According to Berg, the Hayward facility originally built die-casts for John Deere and “fix-it shop type stuff” around the area.

The company expanded operations into the Albert Lea facility, where it established its headquarters, in 1990.

“We were running out of space and wanted to grow,” said Berg.

The name was changed to Lou-Rich, Inc. in 1993. It continued to grow and opened the assembly facility on Y.H. Hanson Avenue in Albert Lea in 2006.

In all, Lou-Rich now employs about 350 people.

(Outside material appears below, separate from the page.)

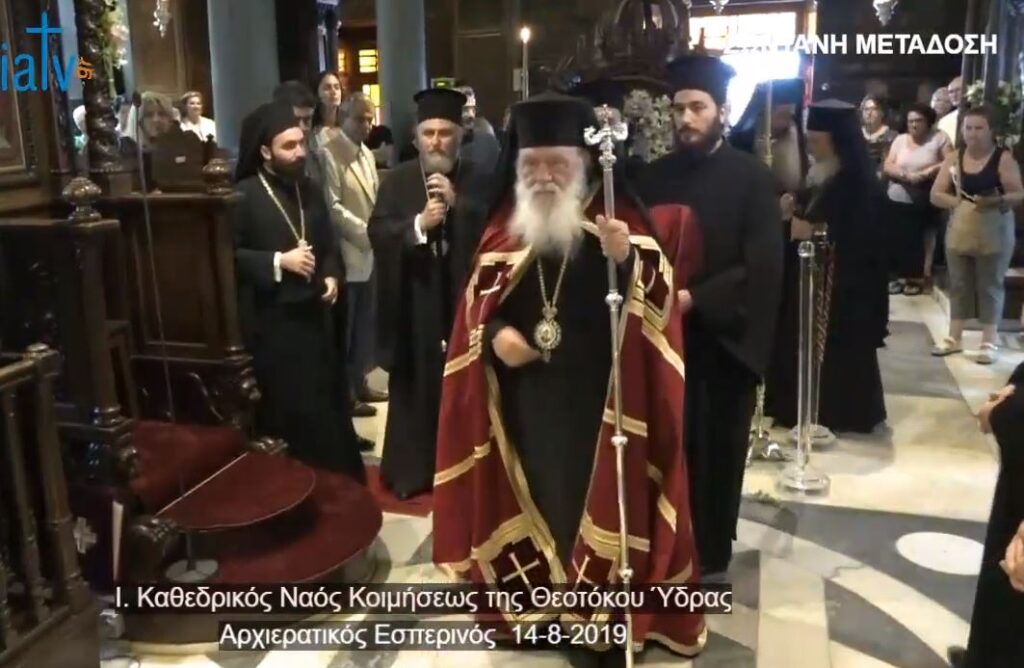 Παρακολουθήστε σε απευθείας σύνδεση τον Πανηγυρικό από τον Καθεδρικό Ναό Κοιμήσεως της Θεοτόκου Ύδρας, χοροστατούντος του Μακαριωτάτου Αρχιεπισκόπου Αθηνών κ.κ. Ιερωνύμου.

The company provides assembly contract engineering and manufacturing solutions to a number of companies across the nation, including Hormel and Hormel subsidiaries. Its capabilities include engineering, sourcing, manufacturing, welding, painting and assembly production.

Berg said the local crews will take a product from an idea, brainstorm it into a rough design, implement that into prints and eventually turn a simple idea into the parts needed, right there in the Hayward and Albert Lea facilities.

The Hayward site designs and builds automation equipment for Hormel and Hormel subsidiaries only. The Albert Lea facilities, he said, make equipment for several other companies in the fields of agriculture, construction, food service, medicine and industry.

Berg sees Lou-Rich as a company that will continue to grow and prosper for many years to come, thanks in part to its ongoing 20-year partnership with Hormel.

“Hormel invests in their company,” said Berg. “They come to us with problems, for solutions.”

“Our equipment improves the processes in their plants,” he continued. “Streamlining to make production faster and make machines safer.”

Sixteen of the 35 staffers at the Lou-Rich site in Hayward are Hormel engineers. Employees from the Hayward site often travel with new equipment to help install it at Hormel plants across the United States.